Transcribe, exactly and without pictures, the lines below from the line with "Платье креп с" to the line with "1896年,格兰特·汉密尔顿", both ends included, and no others.

[Opening Material for this task section]

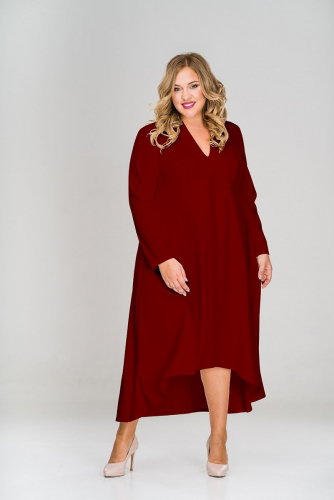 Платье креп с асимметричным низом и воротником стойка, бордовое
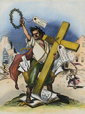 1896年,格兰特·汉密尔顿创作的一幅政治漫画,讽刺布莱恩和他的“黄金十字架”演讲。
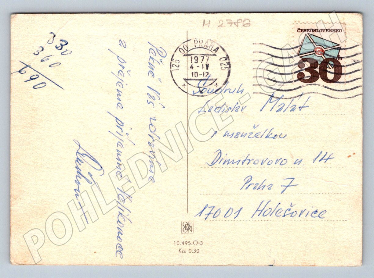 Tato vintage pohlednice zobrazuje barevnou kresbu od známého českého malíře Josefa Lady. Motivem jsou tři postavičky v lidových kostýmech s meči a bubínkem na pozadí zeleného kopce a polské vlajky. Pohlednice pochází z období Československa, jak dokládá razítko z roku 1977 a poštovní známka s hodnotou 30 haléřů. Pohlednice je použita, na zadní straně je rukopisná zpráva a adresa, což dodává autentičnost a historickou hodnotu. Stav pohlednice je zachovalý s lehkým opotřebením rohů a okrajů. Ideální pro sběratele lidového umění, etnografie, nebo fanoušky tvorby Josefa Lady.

[Closing Material for this task section]
[Opening Material for this task section]

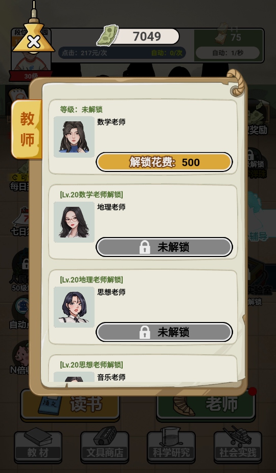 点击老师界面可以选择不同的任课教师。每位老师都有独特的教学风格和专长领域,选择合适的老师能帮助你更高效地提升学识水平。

[Closing Material for this task section]

— Solution for this task —
 Платье креп с асимметричным низом и воротником стойка, бордовое
 1896年,格兰特·汉密尔顿创作的一幅政治漫画,讽刺布莱恩和他的“黄金十字架”演讲。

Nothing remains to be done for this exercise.